I tried to believe in that.
But, by her own logic, if the end was just the beginning, then it would never be okay.
See, that’s the sort of thing that would drive normal folks crazy finding out: that the end of their torment is only the start of another cycle leading to more torment. Like a Ferris Wheel to people who are afraid of heights. When it’s up high and you can see for miles, and your heart beat is somewhere really deep in your feet, and you just want to come down, and it starts to come back to earth, where you are safe, only to put you right back where you started at. Way up high wondering where your heart went.
Drives people absolutely insane.
But it sure makes for one hell of a story.
***
The sounds of a battle always seem to make my stomach ache. Mostly because of the memories that always seem to pop up when I hear the sound of swords clashing against each other. Silly, I know, considering my line of work, but it does. No matter what I am doing, that metallic cling makes my stomach churn. Most of the time I can hold it in until I’m alone, then I can let that nausea out in a corner of an alley, along with whatever alcohol I like to dumb down my sorrows with.

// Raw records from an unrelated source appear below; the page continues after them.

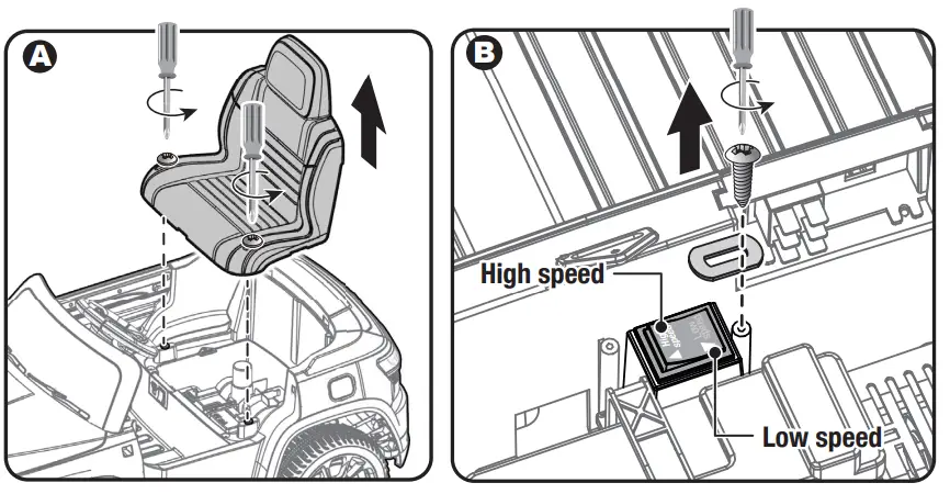 A. Use a screwdriver to loosen the two scrws on the top of the seat. Remove the seat.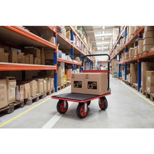 G21 raktárkocsi 4 kemény gumiból készült kerékkel rendelkezik, melyek nem hagynak maguk után fekete csíkot, így nem rongálják a padlót. Így ideális akár költözéseknél is.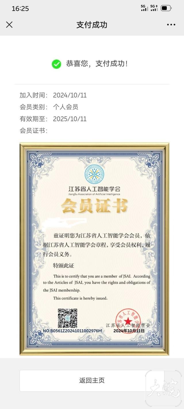 同在10月11日,大皖新闻记者也就赵子健公开展示的社会职务进行了体验尝试。报道称,记者申请了其简历中提到的江苏省人工智能学会会员,通过登记简单的信息后成功注册了会员账号,此时,记者已成为该学会的未认证会员。记者继续申请认证,跳出的页面显示可申请团体会员或个人会员,记者点击申请个人会员后立刻跳入缴费页面,其显示会员年费每年100元。记者缴纳100元后,很快就成为其会员。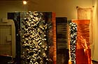 The intimacy of the works in this room contrasts with the theatricality of the enormous sculptures that dominate the show. One of the exhibition's spectacular installation pieces is titled Palindrome Incest (1990) -- perhaps Tunga's best known work. It results from the artist's study of topology, and also seems to refer to strip mining in the Amazon forests. In this work, several huge iron cauldrons, about five feet high, are wrapped in hundreds of strands of thin copper wire hanging from the ceiling in elegant swags. The wire connects the vessels on opposite sides of the room, transforming them into gigantic magnets. Some of them are covered with a layer of furry-looking, magnetized iron filings, and one bears a layer of small sheets of pinkish gold colored copper leaf, which flutters in even the slightest breeze.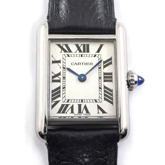 ■商品名Cartier 腕時計 タンク マスト SM WSTA0042 レクタンギュラー シルバー文字盤 SS ブラック グレインド カーフレザーベルト クオーツアナログ 【箱・保付き】 【中古】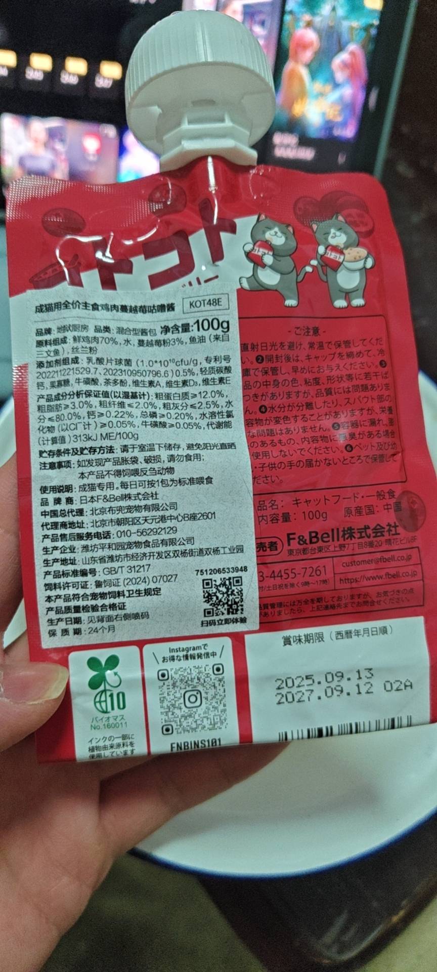 - 【6袋】地狱厨房 鸡肉蔓越莓咕噜酱 成猫用 100g/袋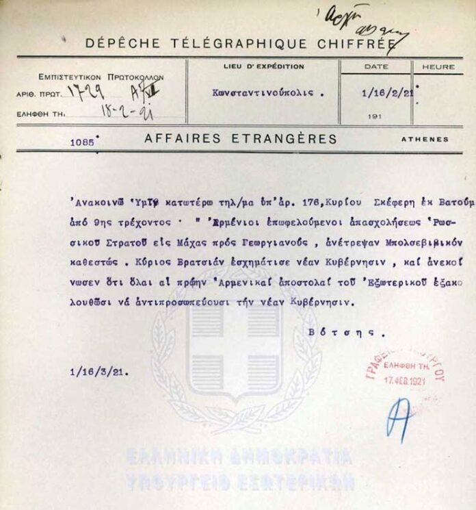 1921-ի ­Փետ­րո­ւա­րին, ­Հա­յաս­տա­նի մէջ պոլ­շե­ւի­կեան դա­ժան տի­րա­կա­լու­թեան դէմ ապս­տամ­բու­թեան ծա­գու­մէն ան­մի­ջա­պէս ետք, ­Պոլ­սոյ մէջ գոր­ծող ­Յու­նաս­տա­նի դի­ւա­նա­գի­տա­կան պա­տո­ւի­րա­կու­թեան գրա­սե­նեա­կը հե­ռա­գի­րով կը տե­ղե­կաց­նէ ­Յու­նաս­տա­նի ար­տա­քին գոր­ծոց նա­խա­րա­րու­թեան՝ ժո­ղովր­դա­յին պոռթ­կու­մին մա­սին։ ­Լու­րը նա­խա­պէս ղրկո­ւած է ­Պա­թու­մի յու­նա­կան դի­ւա­նա­գի­տա­կան կազ­մին կող­մէ ­Պոլ­սոյ յու­նա­կան դի­ւա­նա­գի­տա­կան պա­տո­ւի­րա­կու­թեան, ա­պա վեր­ջի­նը կը հե­ռագ­րէ Ա­թէնք՝ ­Յու­նաս­տա­նի ար­տա­քին գոր­ծոց նա­խա­րա­րու­թեան կեդ­րո­նա­կան սպա­սար­կու­թեան։
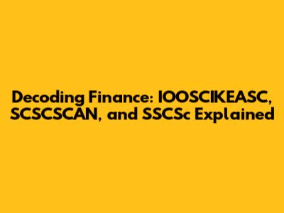 Understanding the intricate world of finance can often feel like deciphering a complex code. Jargon, acronyms, and novel concepts can overwhelm even the most seasoned professionals. In this article, we aim to demystify some of these perplexing terms, specifically IOOSCIKEASC Finance, SCSCSCAN, and SSCSc. Let's break down these terms, explore their potential meanings, and provide insights that can help you navigate the financial landscape with greater confidence.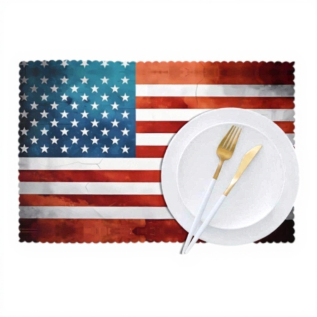 These table mats feature a classic vintage American flag design, crafted from 100% spun polyester for a soft, durable, and wrinkle-resistant finish. The high-quality material ensures long-lasting use while protecting your table from spills, stains, and scratches, making them both functional and stylish for any dining setting.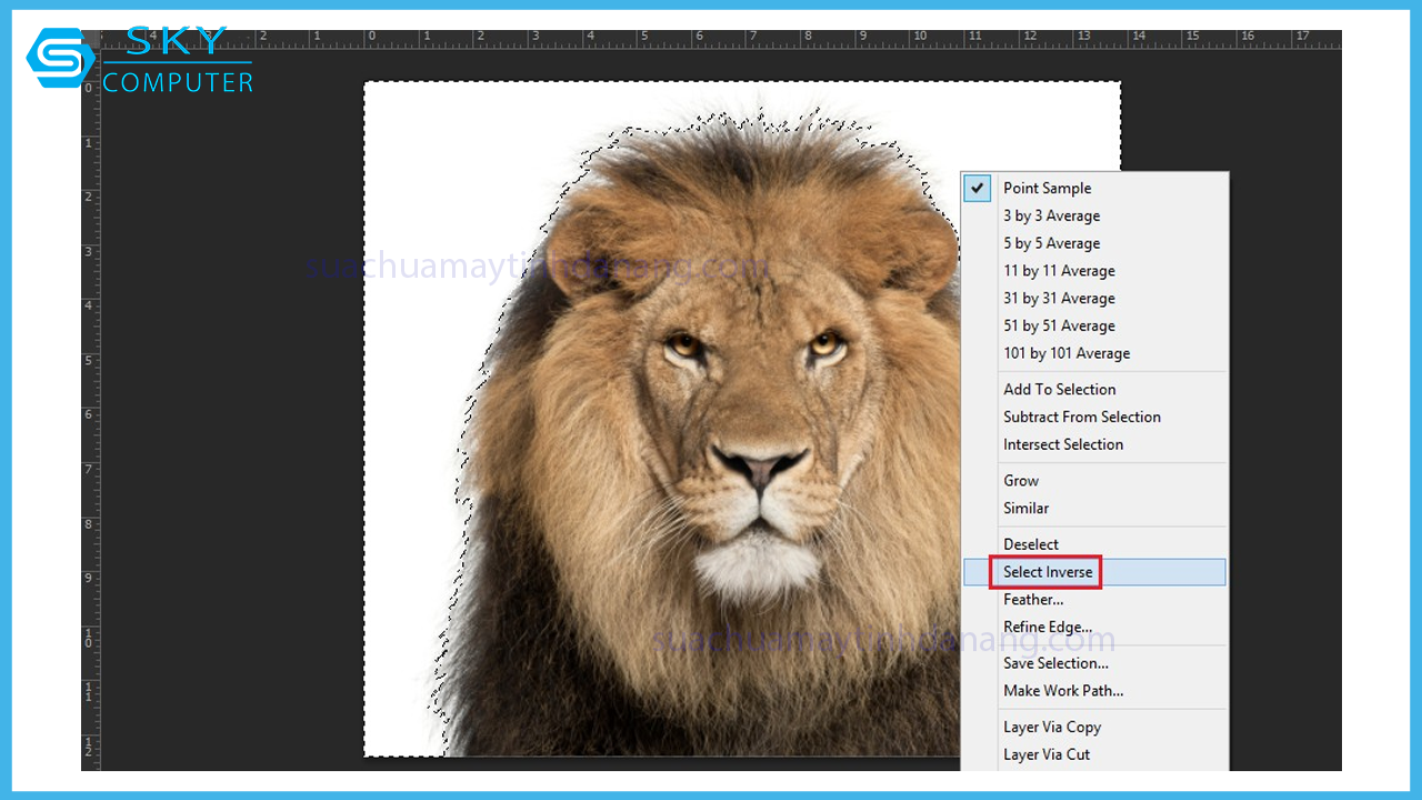 Như vậy vùng chọn (nét kiến bò) đã được đảo sang con sư tử và bao quanh đối tượng hoàn toàn

Usually it’s the same memory.
A dusty, red dusk, where the sun is so low you can actually look at it without burning out your retinas. Those pretty sunsets that you see written about in romance books, and that you fantasize about when you’re a teen, ready for marriage. One of those pretty red disks, but it wasn’t set against any sort of background one would want to fall in love to. It was half-hidden by a duel-towered fort that reached to the darkening sky like pillars holding up heaven.

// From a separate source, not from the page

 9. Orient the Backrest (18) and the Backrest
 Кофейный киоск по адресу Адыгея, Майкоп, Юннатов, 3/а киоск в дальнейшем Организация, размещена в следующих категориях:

Circling the towers were dark shapes battling each other in a medieval dogfight. Men upon dragon-beasts who flew with deadly accuracy, trying to best their opponents in fight and flight, most ending up closer to heaven by way of ground then by way of dragon-beast. A few stout blows left dragon-beasts reeling into the side of the towers, painting the dark stone with an uneven smear of red and gold before tumbling to the battle below. That was another story in of itself.
Ten thousand men were sent to take the towers that day, to fight against more then their own numbers. Enough to win if given proper-leadership, but eager to die if willed forward. To this day I feel that men become no more intelligent then beasts when given a sword, a shield, and a divine sense of invincibility. This same invulnerability that drove them headlong into battle, to find their eyes pecked out by magic-birds, and their lungs on stakes and spears. Ten thousand men to be swallowed whole by the tower’s curse, and puked up half-alive on its doorstep.

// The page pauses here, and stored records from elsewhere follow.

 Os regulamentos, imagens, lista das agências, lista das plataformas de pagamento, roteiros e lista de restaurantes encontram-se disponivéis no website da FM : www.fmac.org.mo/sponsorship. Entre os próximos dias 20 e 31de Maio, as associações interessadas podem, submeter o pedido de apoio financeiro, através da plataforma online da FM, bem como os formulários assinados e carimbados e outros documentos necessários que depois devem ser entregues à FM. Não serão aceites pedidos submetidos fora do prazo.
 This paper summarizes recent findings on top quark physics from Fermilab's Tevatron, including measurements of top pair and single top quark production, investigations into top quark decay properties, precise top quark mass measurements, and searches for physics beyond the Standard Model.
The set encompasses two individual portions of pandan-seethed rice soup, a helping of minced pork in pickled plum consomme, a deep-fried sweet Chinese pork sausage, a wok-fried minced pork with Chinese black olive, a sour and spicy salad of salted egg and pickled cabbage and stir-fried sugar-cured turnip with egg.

General Oleander would have it no other way.
He was the one man of ten-thousand, who gave the order to attack full-force in a suicide run on the towers. He thought himself greater then gods with the new knowledge he gained in our travels, and turned mad with it. He stood tall and proud, in aging armor that had seen hundreds of years and battles beyond anything I probably could comprehend. A furrowed brow marred by several fire-burns and sword-cut scars. His eyes were dark and brooding, dull hazel. A full mustache and graying hair that hung limp against the pallid face. A man who had seen too many battles and too many friends die, only to feel that his life was far more valuable then the men he served.
A suicide run, a soldier reminded him. A pretty boy who looked way too far from his home, uncomfortable in his armor, though he had worn it for near ten years before this battle, only wanting to save his fellow soldiers from their deaths. This man, who at one time felt more comfortable holding a bow then a sword, challenged everything that he had learned as a soldier, and risking everything he knew…just to question a madman.
General Oleander said nothing but, “Charge the gate,” as the youth challenged him. The man tried…
I don’t think I can ever forget the day I watched that Oleander murder not only one of his top soldiers, but his closest companion and confidant.
That day I watched my best friend die.